PROBLEM TO WORK ON »
Omit every image, and transcribe the remaining entries exactly as given.

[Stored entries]
——
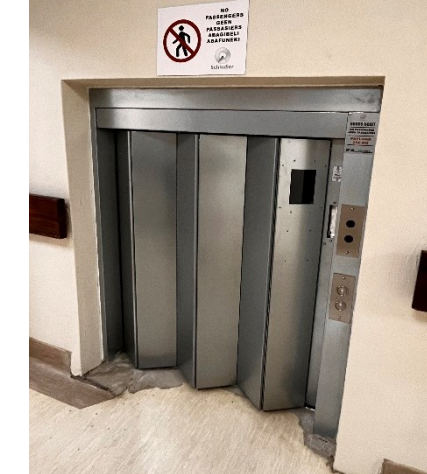
COLLAPSIBLE PANELS ON REQUEST FOR HEAVIER THAN 200KG UNIT

*All door designs are subject to confirmation from your sales technician.
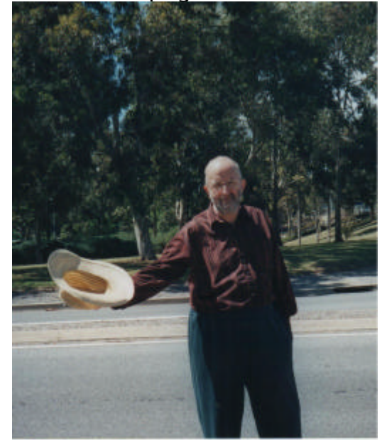
That's all, folks!
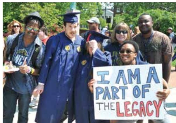
Students from UNCG's Beyond Academics celebrate during The ADA Legacy Tour stop in Greensboro.
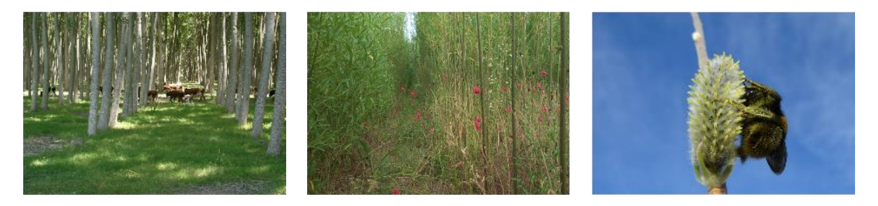
Figure 3: Using SRC plantation in different ways

Some animals use young shoots as food base and could damage or completely destroy new plantation, therefore fence or other defensive materials are recommended for protection. Rodents also could be dangerous for young tree stems and roots, therefore moving and other agro-technical operations will ensure better conditions for new trees. During blossoming season plantation could be used for honey producing by placing bee houses next to plantation.
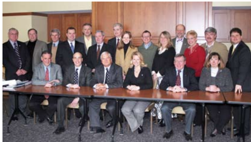
The Alumni Board of Governors met on Jan. 26, 2008.
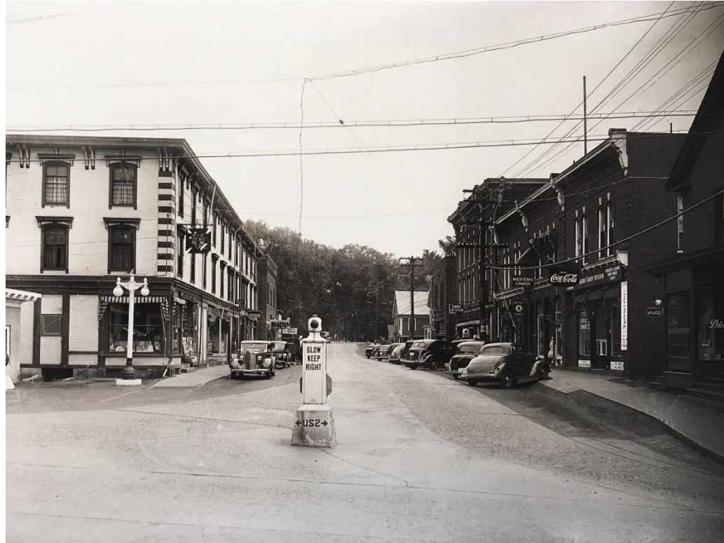
Stowe St. & Main St. in 1930's with Stimson-Graves Building on left - historic mixed use
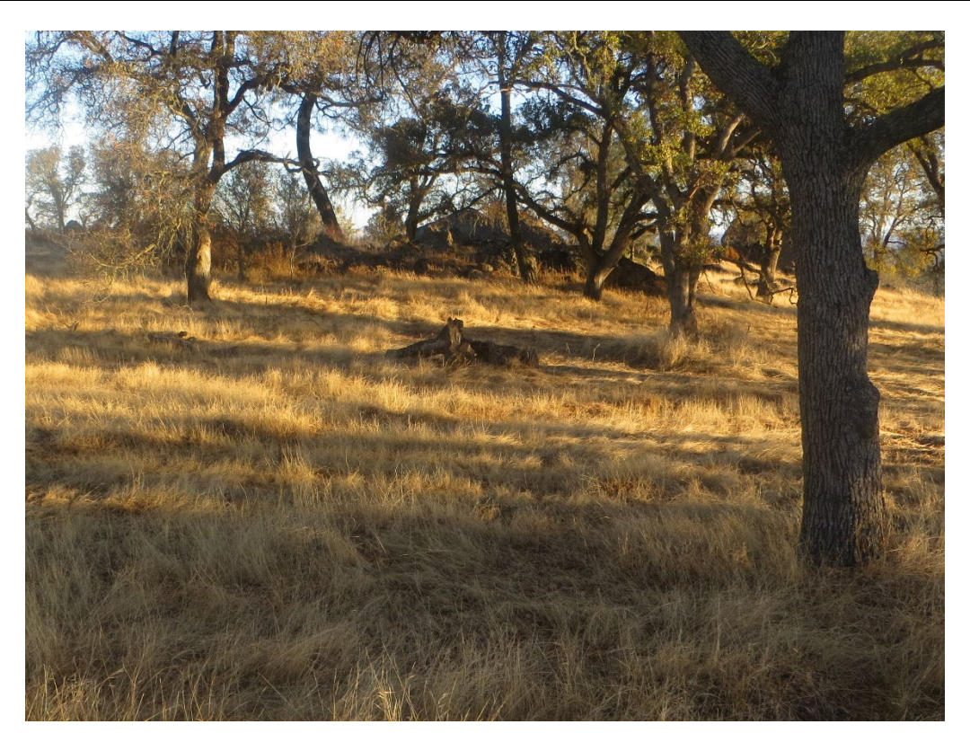
Photograph 9: Oak woodland savannah in the eastern portion of the project site.
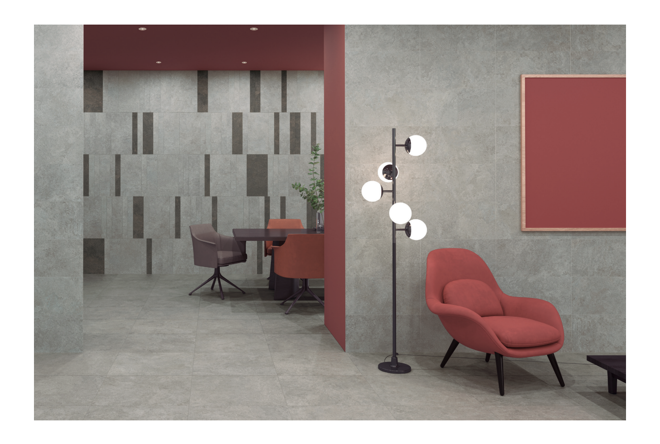
Figure 2. The tiles when laid.

The following table shows the technical properties of all the ceramic tiles in accordance with the requirements of the UNE-EN 14411:2016 standard.
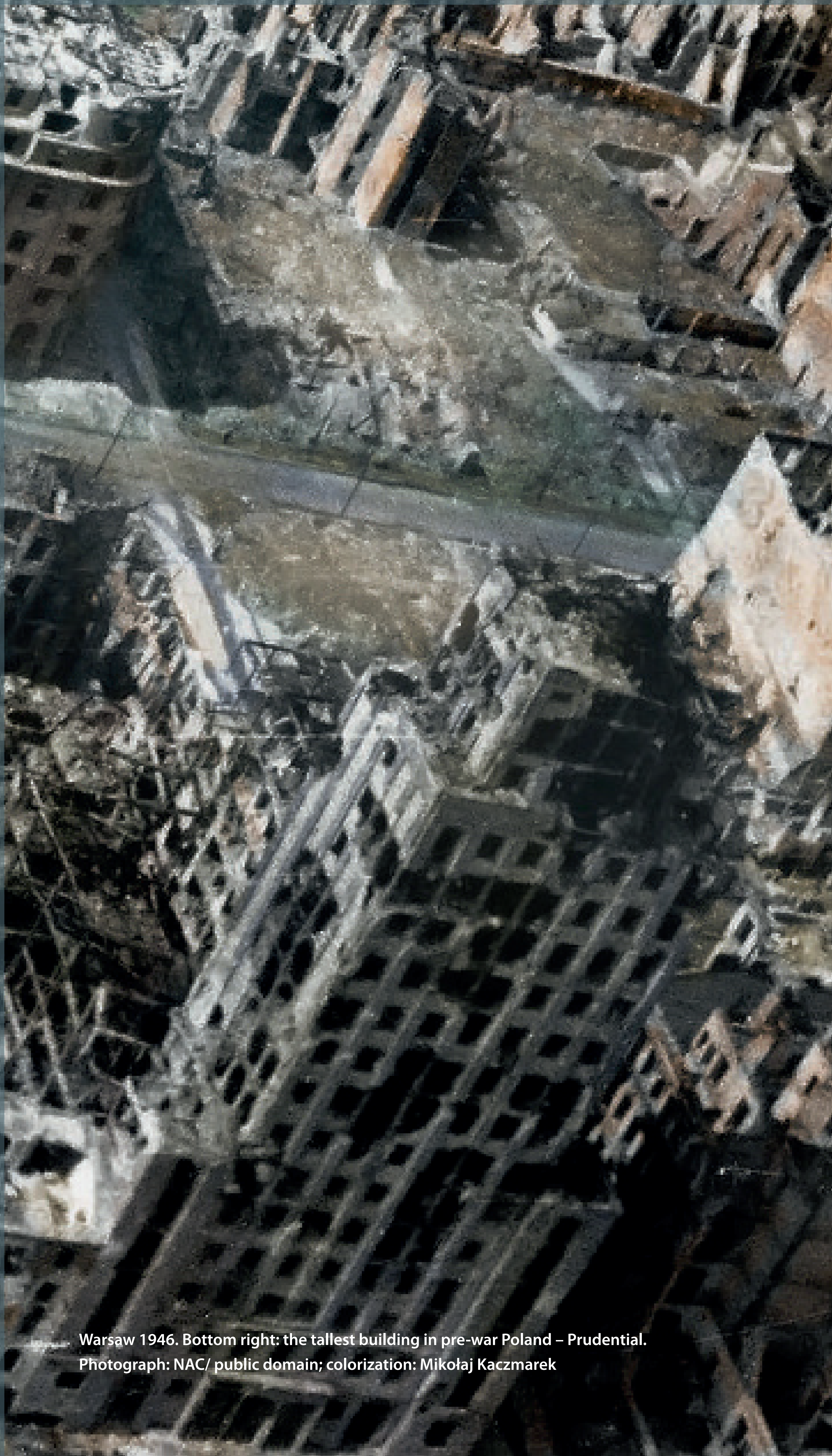
Warsaw 1946. Bottom right: the tallest building in pre-war Poland – Prudential. Photograph: NAC/ public domain; colorization: Mikołaj Kaczmarek
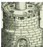
PLATE 5. ALCHEMISTIC APPARATUS A and B. -- Two forms of the apparatus for Sublimation

We will conclude this chapter with some few remarks regarding the practical methods of the alchemists. In their experiments, the alchemists worked with very large quantities of material compared with what is employed in chemical researches at the present day. They had great belief in the efficacy of time to effect a desired change in their substances, and they were wont to repeat the same operation (such as distillation, for example) on the same material over and over again; which demonstrated their unwearied patience, even if it effected little towards the attainment of their end. They paid much attention to any changes of colour they observed in their experiments, and many descriptions of supposed methods to achieve the magnum opus contain detailed directions as to the various changes of colour which must be obtained in the material operated upon if a successful issue to the experiment is desired. 20
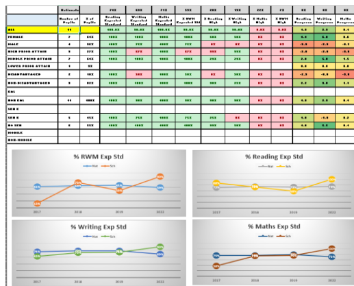
July - Early Results Dashboard
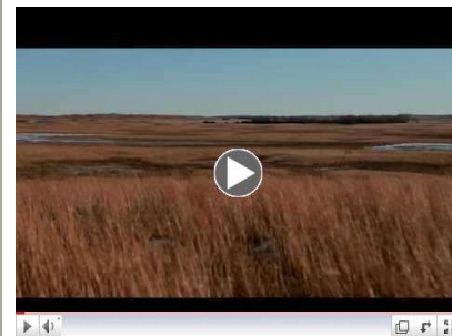
Guarding the Ogallala

Oil and water do not mix. This video tells the story of the Ogallala Aquifer -
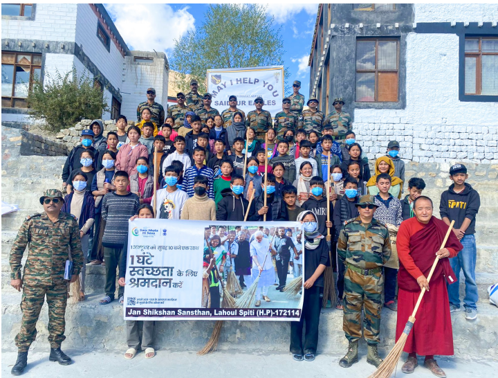
Working with the Indian Army to keep the community clean (above) with students taking care of local trees (right)
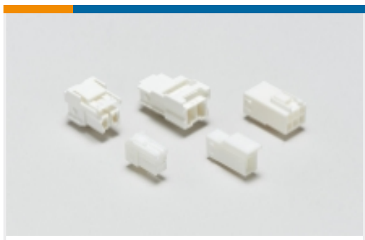
Rectangular Power Connectors(300)
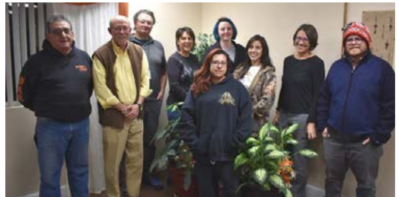
Project participants and coordinators pose for a photo during a meeting at Anciano Tower in Montrose.
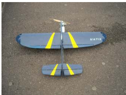
Black and Yellow.
——
SOLUTION TO THIS TASK »
COLLAPSIBLE PANELS ON REQUEST FOR HEAVIER THAN 200KG UNIT

*All door designs are subject to confirmation from your sales technician.
That's all, folks!
Students from UNCG's Beyond Academics celebrate during The ADA Legacy Tour stop in Greensboro.
Figure 3: Using SRC plantation in different ways

Some animals use young shoots as food base and could damage or completely destroy new plantation, therefore fence or other defensive materials are recommended for protection. Rodents also could be dangerous for young tree stems and roots, therefore moving and other agro-technical operations will ensure better conditions for new trees. During blossoming season plantation could be used for honey producing by placing bee houses next to plantation.
The Alumni Board of Governors met on Jan. 26, 2008.
Stowe St. & Main St. in 1930's with Stimson-Graves Building on left - historic mixed use
Photograph 9: Oak woodland savannah in the eastern portion of the project site.
Figure 2. The tiles when laid.

The following table shows the technical properties of all the ceramic tiles in accordance with the requirements of the UNE-EN 14411:2016 standard.
Warsaw 1946. Bottom right: the tallest building in pre-war Poland – Prudential. Photograph: NAC/ public domain; colorization: Mikołaj Kaczmarek
PLATE 5. ALCHEMISTIC APPARATUS A and B. -- Two forms of the apparatus for Sublimation

We will conclude this chapter with some few remarks regarding the practical methods of the alchemists. In their experiments, the alchemists worked with very large quantities of material compared with what is employed in chemical researches at the present day. They had great belief in the efficacy of time to effect a desired change in their substances, and they were wont to repeat the same operation (such as distillation, for example) on the same material over and over again; which demonstrated their unwearied patience, even if it effected little towards the attainment of their end. They paid much attention to any changes of colour they observed in their experiments, and many descriptions of supposed methods to achieve the magnum opus contain detailed directions as to the various changes of colour which must be obtained in the material operated upon if a successful issue to the experiment is desired. 20
July - Early Results Dashboard
Guarding the Ogallala

Oil and water do not mix. This video tells the story of the Ogallala Aquifer -
Working with the Indian Army to keep the community clean (above) with students taking care of local trees (right)
Rectangular Power Connectors(300)
Project participants and coordinators pose for a photo during a meeting at Anciano Tower in Montrose.
Black and Yellow.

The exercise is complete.